It was a group of civil society organisations that led a successful legal challenge in 2017 to stop the Zuma-led government from carrying out a nuclear deal with Russia that would have cost taxpayers trillions of rands and ultimately been disastrous for our economic future.

Again, ANC critics of Zuma leveraged civil society to campaign to prevent him getting his handpicked successor, his former wife Nkosazana Dlamini-Zuma, instated, and eventually forced him to resign as state president.

Civil society organisations took former president Jacob Zuma to court over multiple incidents of corruption and manipulation of state institutions for private gain.

Organisations have pushed for the implementation of critical socioeconomic rights, such as the right to housing, health, food and social welfare, which have not been fully realised. In 2000, the Legal Resources Centre and a group of civil society organisations, in what is now referred to as the Grootboom case, successfully petitioned the courts to order government to provide housing “for people with no access to land”.

Civil society has also fought hard to change archaic sexist, homophobic and racist public attitudes, which go against the Constitution. In 2007, two lesbian women, Sizakele Sigasa and Salome Masooa, were murdered in Soweto. The following year, Eudy Simelane, a player for South Africa’s national women’s football team Banyana Banyana, was killed. South Africa has liberal laws on gender equality, freedom of sexual orientation and allows single-sex marriage.

In 2016, South Africa aligned itself with African countries in the United Nations General Assembly to oppose the appointment of an independent expert on sexual orientation and gender identity by the UN Human Rights Council. But South African civil society organisations sent an open letter to the then minister of international relations and
co-operation, asking the department for South Africa to break from the conservative African lobby and adopt a pro-gay rights stance in line with the country’s democratic Constitution.

South Africa’s trade unions have ensured, with public campaigns, the adoption and entrenchment of basic employee rights, including the right to strike and minimum safety and working conditions for those in formal employment. The trade union movement played an instrumental role in securing the adoption of a minimum wage —even if the agreed minimum wage of R20 an hour is low.

Civil society organisations have also been holding mining companies to account for their failure to implement promises to build low-cost housing, boost local economic development and rehabilitate the environment in return for lucrative mining licences.

In 2016, civil society organisations, faith-based organisations and community organisations launched a series of protests against Lonmin’s lack of implementation of its promised building of low-cost housing, local economic development and environmental rehabilitation.

Civil society has provided public services in many instances of the failure by the state to deliver public services.

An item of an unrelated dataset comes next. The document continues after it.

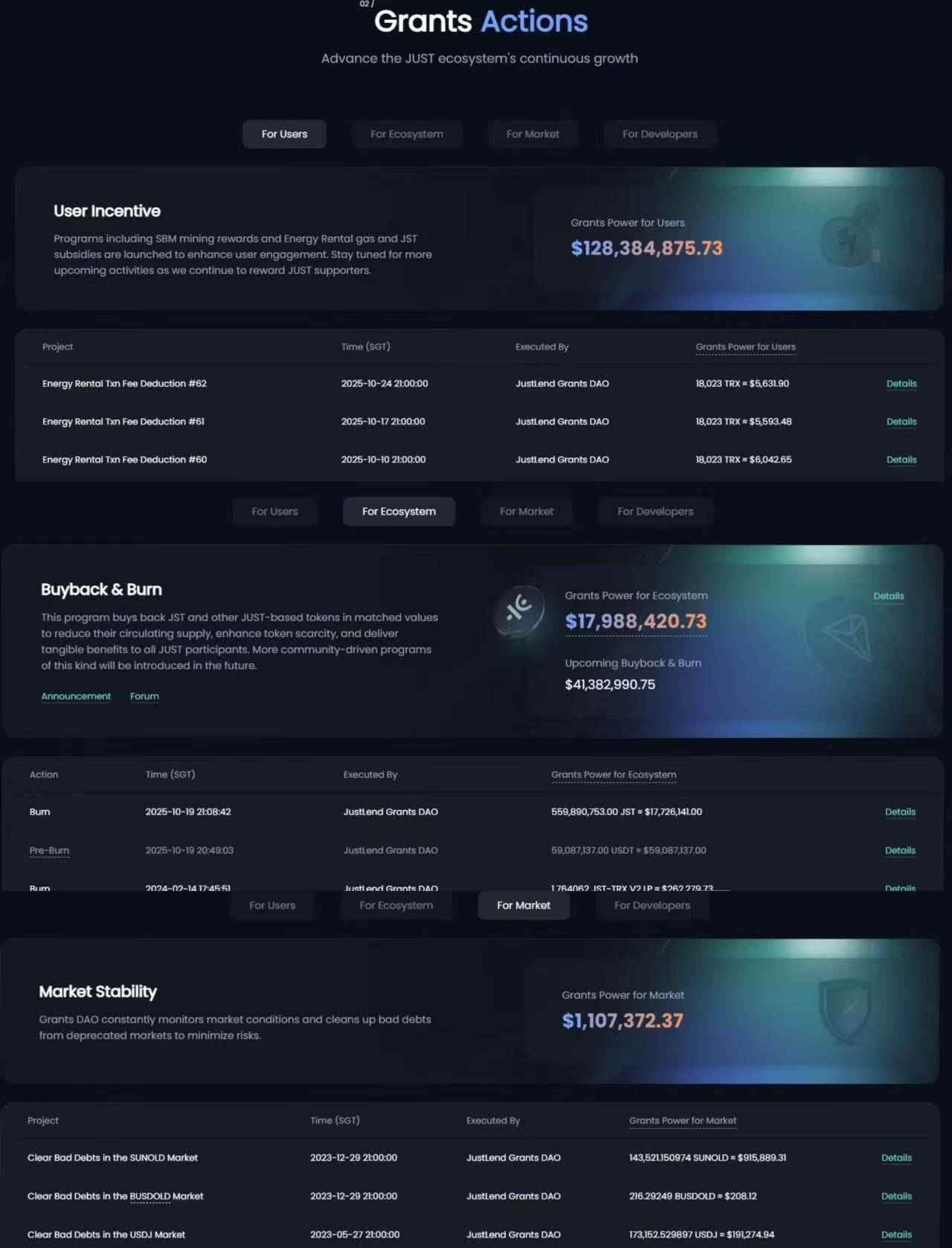 对GrantsDAO 而言,执行JST 回购销毁仅是其众多核心职能之一。作为JustLend DAO社区主导的激励组织与生态赋能核心机构,Grants DAO的核心使命是为开发者、贡献者及所有生态建设项目提供全方位支持,同时致力于维护市场的稳健与繁荣。

Johannesburg Child Welfare, Cotlands, the National Institute for Crime Prevention, for instance, provide essential basic services, where the state is often absent.

Civil society organisations have also educated citizens about their rights — in a country with a huge illiteracy problem and where unscrupulous political, business, traditional and religious leaders have exploited the lack of knowledge of the poor to enrich themselves.

In spite of declining funding,civil society has largely stepped up to the challenge to defend the Constitution, democracy and its institutions. It has fought public and private corruption. They have helped to protect vulnerable citizens from government abuse by fighting on their behalf.

They have strengthened the capacity of the state by often providing alternative public services where the state fails. They have made alternative information available, where governments and leaders have either hidden or obscured the facts and they have fought to scrap apartheid-era laws, which deny democratic rights to citizens.

Civil society organisations have supported democratic institutions when these were being marginalised, corrupted and manipulated for selfish ends by some ANC leaders.

In a society in which large numbers of citizens are illiterate and politicians use the ignorance of citizens to enrich themselves, cover up their corruption or blame colonialism and apartheid for their own current failures, many civil society organisations have educated citizens about their rights. They have also held corporates accountable for abusing citizens, destroying the environment and for corruption.

Without active civil society organisations, the rollback of democratic rights in the past few years, the decline in the delivery of services to the public and rising corruption would have been worse.

In recent times many industrial countries, led by populist, right-wing and ultra nationalist governments, have dramatically reduced their funding for African and South African civil society organisations.

But depriving civil society organisations of funding will increase corruption, poor governance and violence on the continent — which is likely to affect industrialised countries because of mass migrations of Africans to Europe in search of jobs, safety and peace.

It is hoped that the commission of inquiry into state capture will not be the last time that the South African public, supported and led by civil society, holds those in power accountable for wrongdoing that threatens their democracy.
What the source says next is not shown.